** Opening Recorded information block **

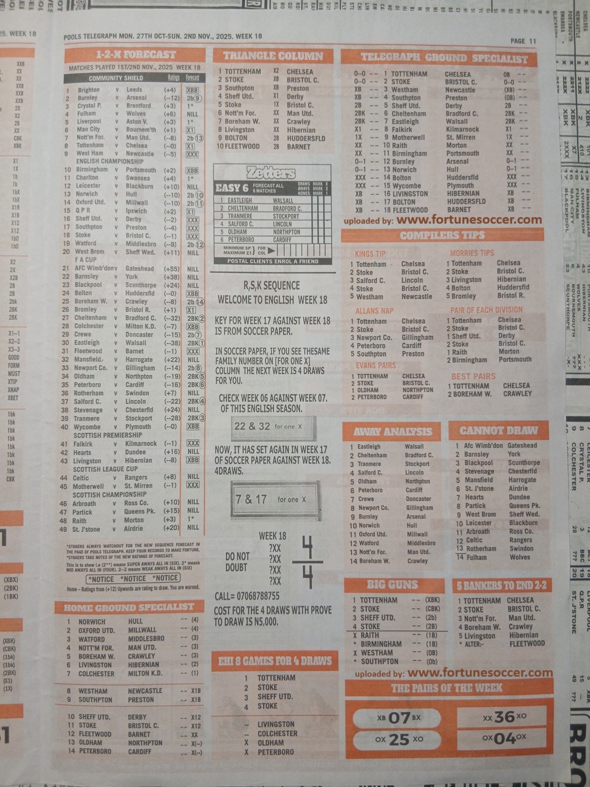 - Current Week 18 Pool Fixtures 2025 For Sat, 1 Nov - UK 2025/2026 Pools
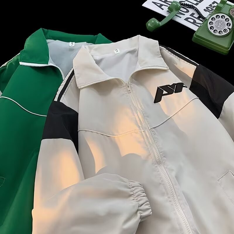 2023 봄과 가을 새로운 스타일 수직 칼라 야구 세트 남성용 패셔너블 루즈 올 매치 아메리칸 스타일 패셔너블 브랜드 뉴 스타일 핸섬 워크 재킷스토어 가기
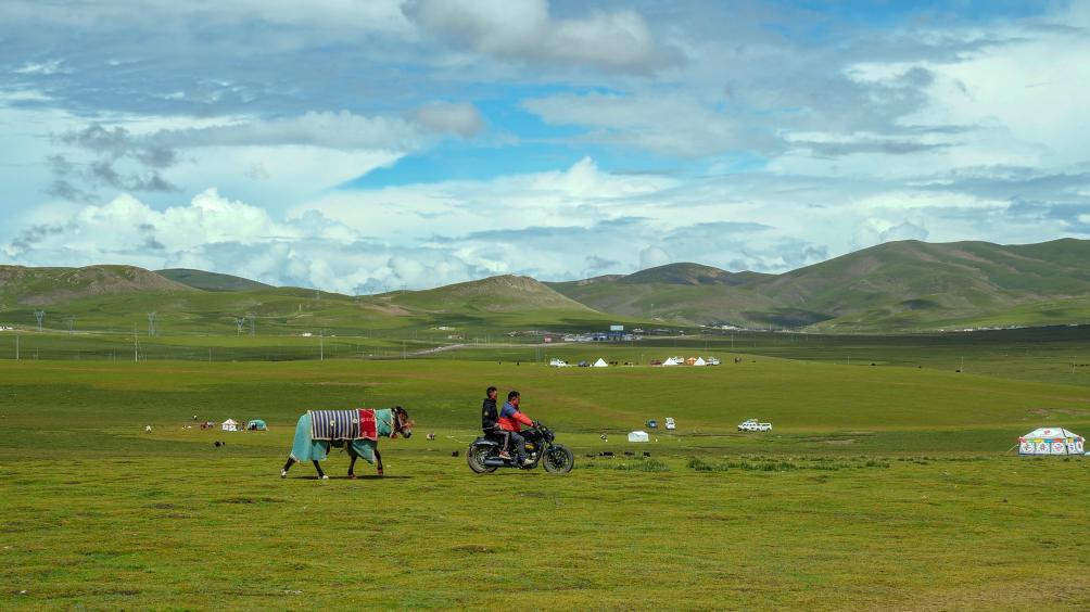 打加錯(cuò)湖畔的羊群、牛群(8月30日攝)。新華社記者 劉文博 攝
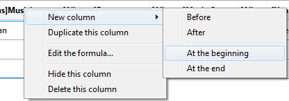 ヘッダーを右クリックしたときに現れるコンテキストメニューを使用すると、カラムを複製することもできます。カラムを複製 コマンドを選択すると、まったく同一のカラムがオリジナルのもののすぐ右側に追加されます。
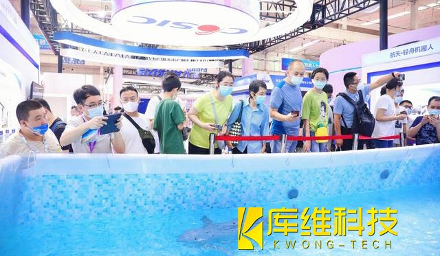 作為為數不多的可以“游泳”的機器人,中國航天科工三院展臺上由沈陽航天新光集團研發的江豚機器人吸引了很多觀眾的目光。展臺工作人員向記者介紹,該型機器人采用了長江江豚的原始灰色配色,按照長江江豚的運動仿生學,可實現近似長江江豚的游動模式,如上浮、下潛、滾轉、倒退等水中動作,也可預設游動軌跡,實現水中游動表演,具有較高的機動性,“目前此類產品已經接到了不少海洋公園的訂單,而且在探測水質等領域此類機器人也有著很大潛力,因為相比類似潛艇的螺旋槳驅動,仿生運動技術不要求很高的轉速,更加節約能源。”
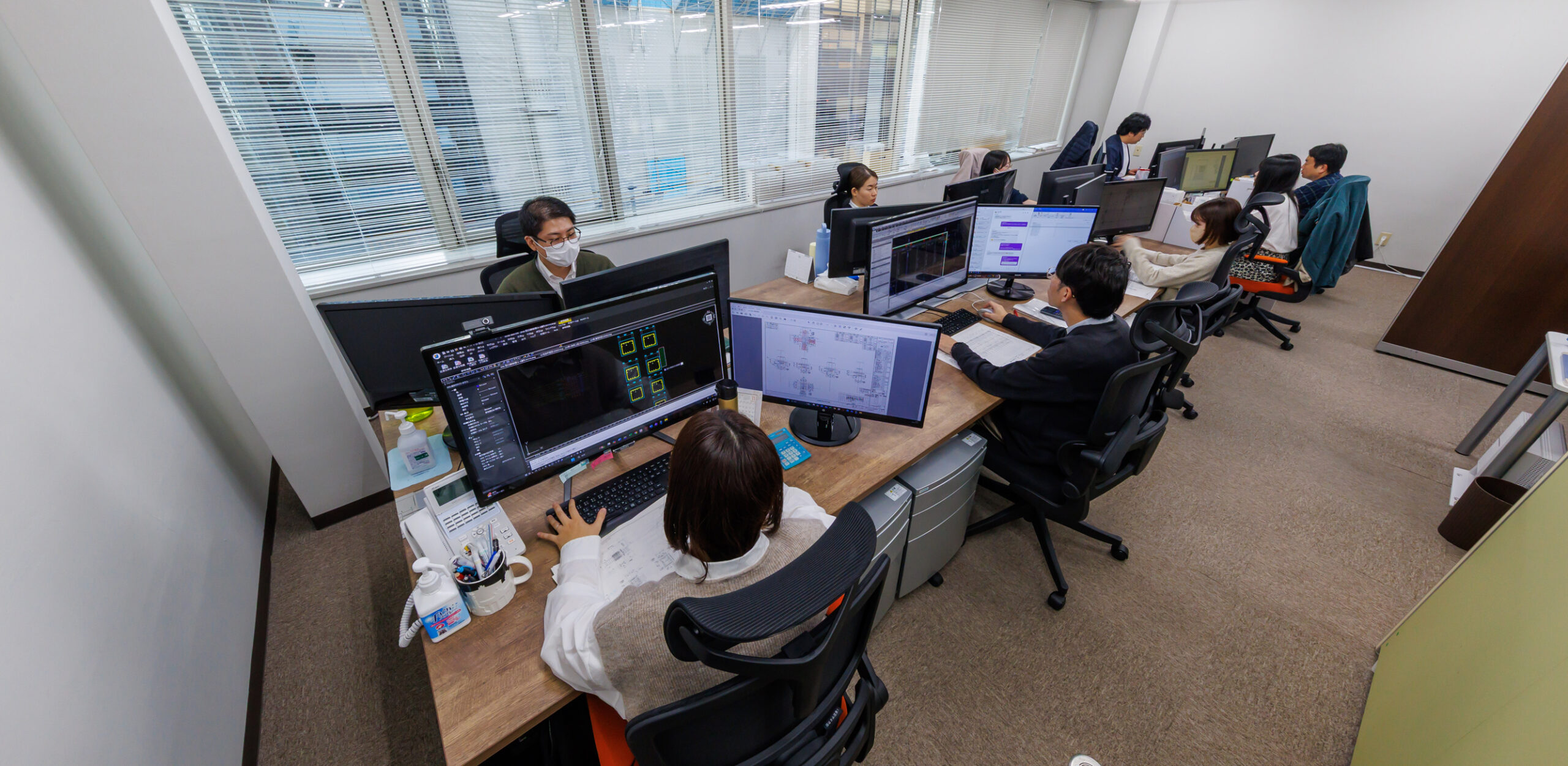 キーライフの一番の強みは、プレキャストコンクリートの設計に特化したエンジニア集団であることです。組織の規模も業界トップクラスを誇っており、常にいくつものプロジェクト案件が動いている状況。ベテランが若手を育てる環境も整っており、一人ひとりが経験値を高めながら“より難易度が高い設計”に挑み続けています。
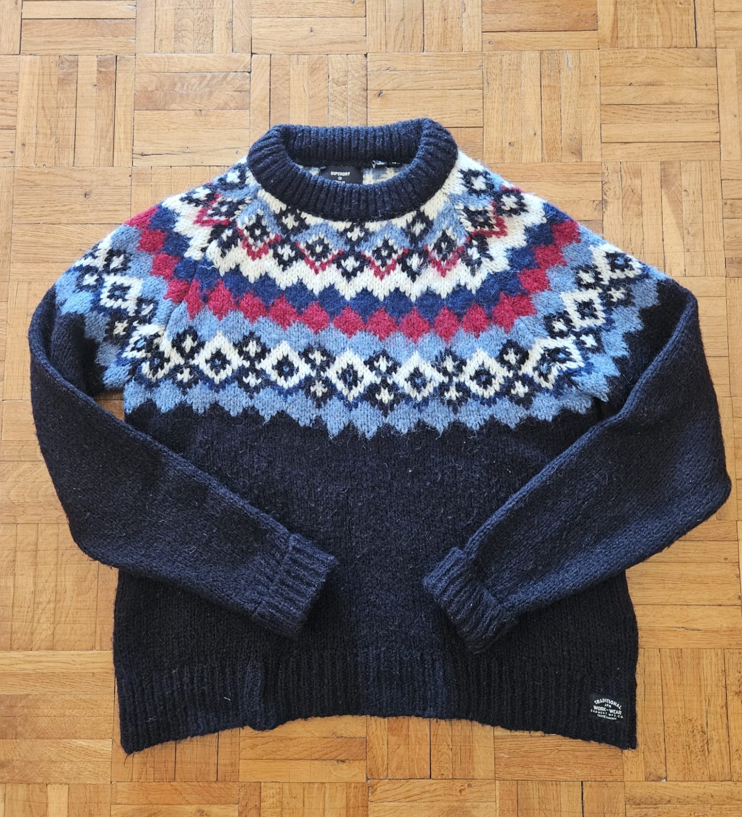 krásný vkusný svetr M, , Super Dry- vysoká kvalita, běžná cena těchto svetrů 1500-2300kč, Vintage Nordic Knit,vkusný dámský,pánský,dětský......komu sedí,,délka 64cm,rukáv od krku 73cm, pružný, skvě...
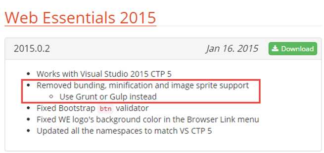 For example, we could previously use web essentials to do a lot of the necessary bundling and automation, but this was killed off at the start of 2015.
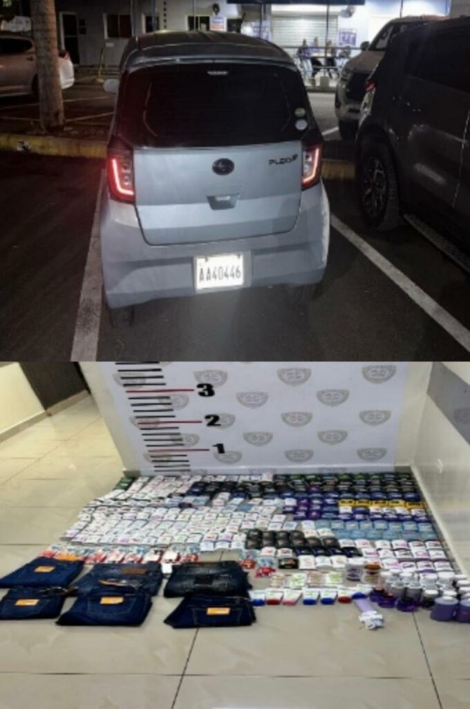 Durante el registro del automóvil, se incautó un saco verde que contenía mercancías presuntamente sustraídas, entre las que se encontraban pantalones, desodorantes, cepillos dentales, cremas y jabones. Según declaraciones de Miguelina Guzmán, los artículos habían sido robados y estaban destinados a ser vendidos a Ramón Alberto Gómez Urtarte.
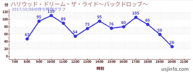 • ハリウッド・ドリーム・ザ・ライド〜バックドロップ〜$B$N(B2017年10月06日の待ち時間
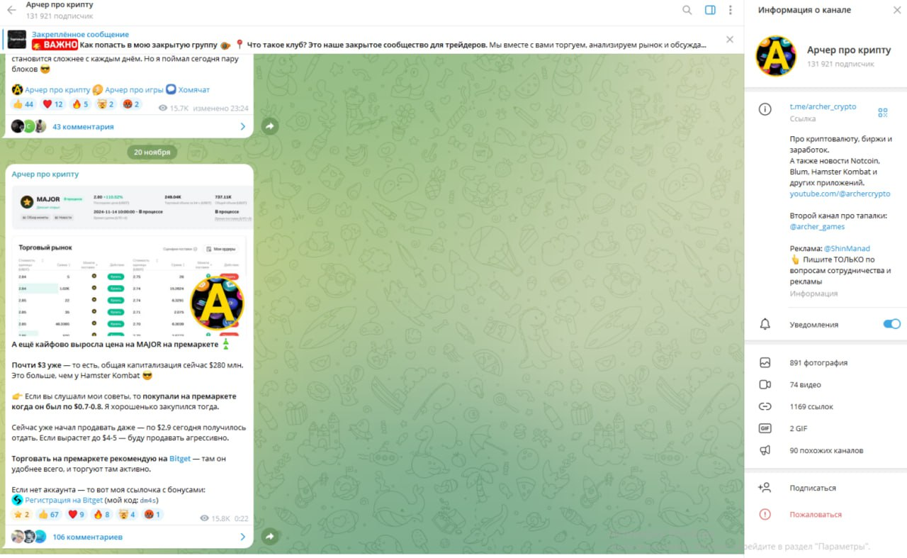 У канала archer crypto, на ноябрь 2024 года, более 130 тысяч подписчиков. Страница была создана в сентябре 2023 года. Активность на канале небольшая. При таком большом количестве подписчиков, посты набирают до 20 тысяч просмотров и 100-200 реакций. Комментарии пишут тоже около сотни человек. Это говорит о том, что нынешний владелец канала приобрел его с уже имеющимися подписчиками или воспользовался накруткой аудитории.
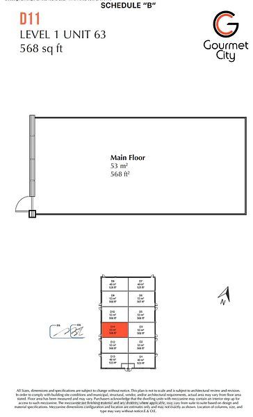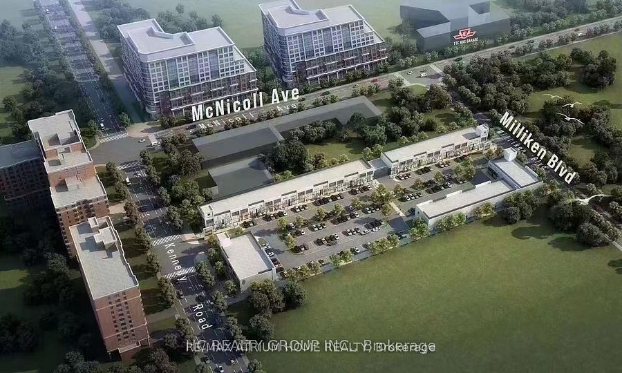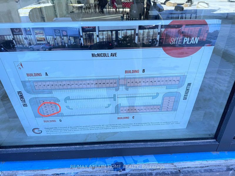 ** frontage signage on kennedy road *** gourmet city commercial condos is a newly developed culinary hub in scarborough, ideally located at the southeast corner of kennedy road and mcnicoll avenue. This project offers excellent exposure and accessibility from both kennedy road and milliken boulevard. Developed by h & h group, the plaza features modern architecture and high-quality finishes. The site benefits from high visibility and consistent foot traffic, making it ideal for a wide range of business opportunities. This is a brand-new unit with 20-foot high ceilings and in raw condition, ready for customization. The listing includes two combined units (d3 + d11), totaling 1,136 square feet (see floorplan). Permitted uses include restaurant, dine-in bakery, cafe, dessert shop, bubble tea, bar, and moreperfect for serving diverse cultural tastes. Just minutes from highways 404 and 407. (tax estimate $1485/mon, management fee $395/mon, insurance estimate $100/mon). Unit d11 faces kennedy road for prime visibility, while unit d3 faces the interior parking lot. Features include two entry doors and two electrical panels for flexible use. ***permitted uses include restaurant, dining in bakery , bar & more****
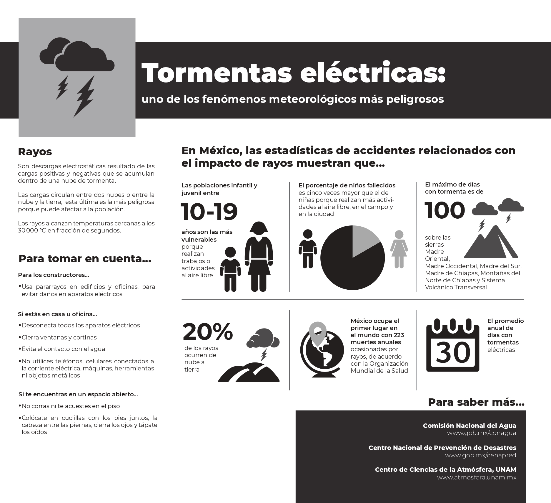 - En caso de tormentas eléctricas procure no utilizar equipos eléctricos y electrónicos, si se encuentra en el exterior procure buscar refugio en alguna edificación, si está viajando quédese en el interior de su automóvil.
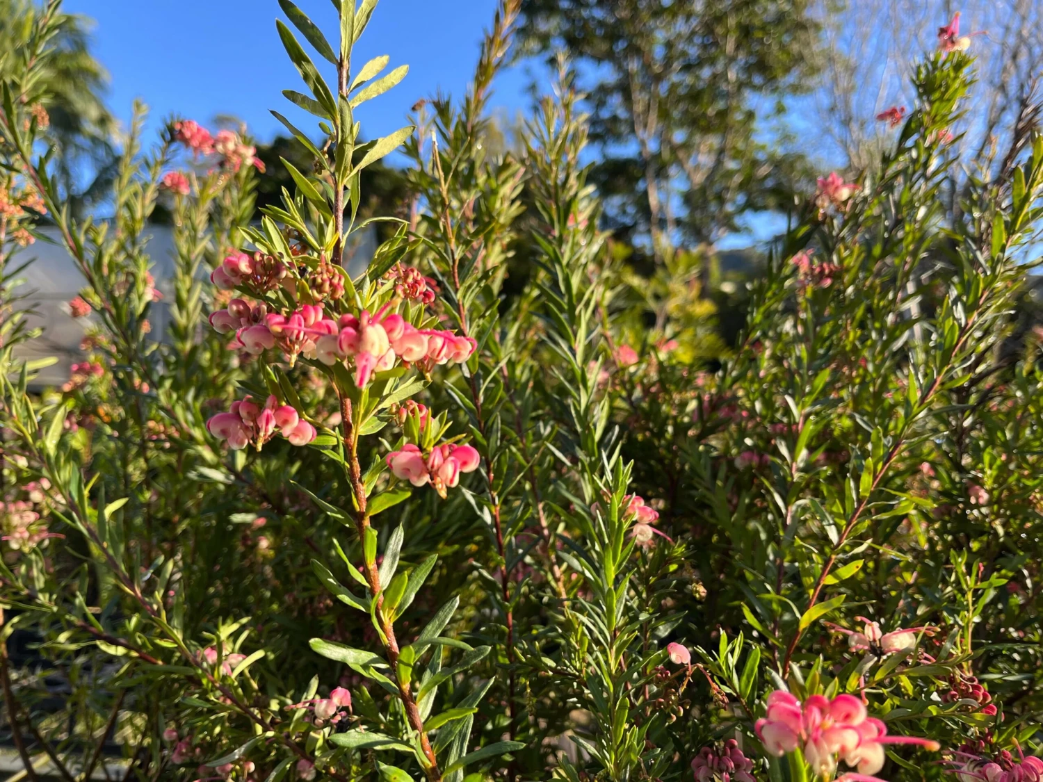 A small shrub with an upright to lightly spreading habit; soft grey-green leaves with striking bronze new growth. Gorg pink and white flowers grow on the end of the branches from winter through spring to early summer. A charming hedge or border plant, or just grow amongst other bird habitat plantings. Stunning when grown in a feature pot. Tolerates medium frost and dry spells
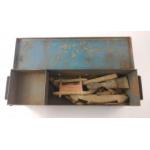 A HANDY 8vintage metal tool box with double handle and great patina W60xD16xH15cm approx

** Closing Recorded information block **

In the listing above, find the line with "2023 봄과 가을 새로운" and the line with "ヘッダーを右クリックしたとき". Copy both of them and every line between, exactly, but not the pictures.

- [Answer box]:
 2023 봄과 가을 새로운 스타일 수직 칼라 야구 세트 남성용 패셔너블 루즈 올 매치 아메리칸 스타일 패셔너블 브랜드 뉴 스타일 핸섬 워크 재킷스토어 가기
 打加錯(cuò)湖畔的羊群、牛群(8月30日攝)。新華社記者 劉文博 攝
 ヘッダーを右クリックしたときに現れるコンテキストメニューを使用すると、カラムを複製することもできます。カラムを複製 コマンドを選択すると、まったく同一のカラムがオリジナルのもののすぐ右側に追加されます。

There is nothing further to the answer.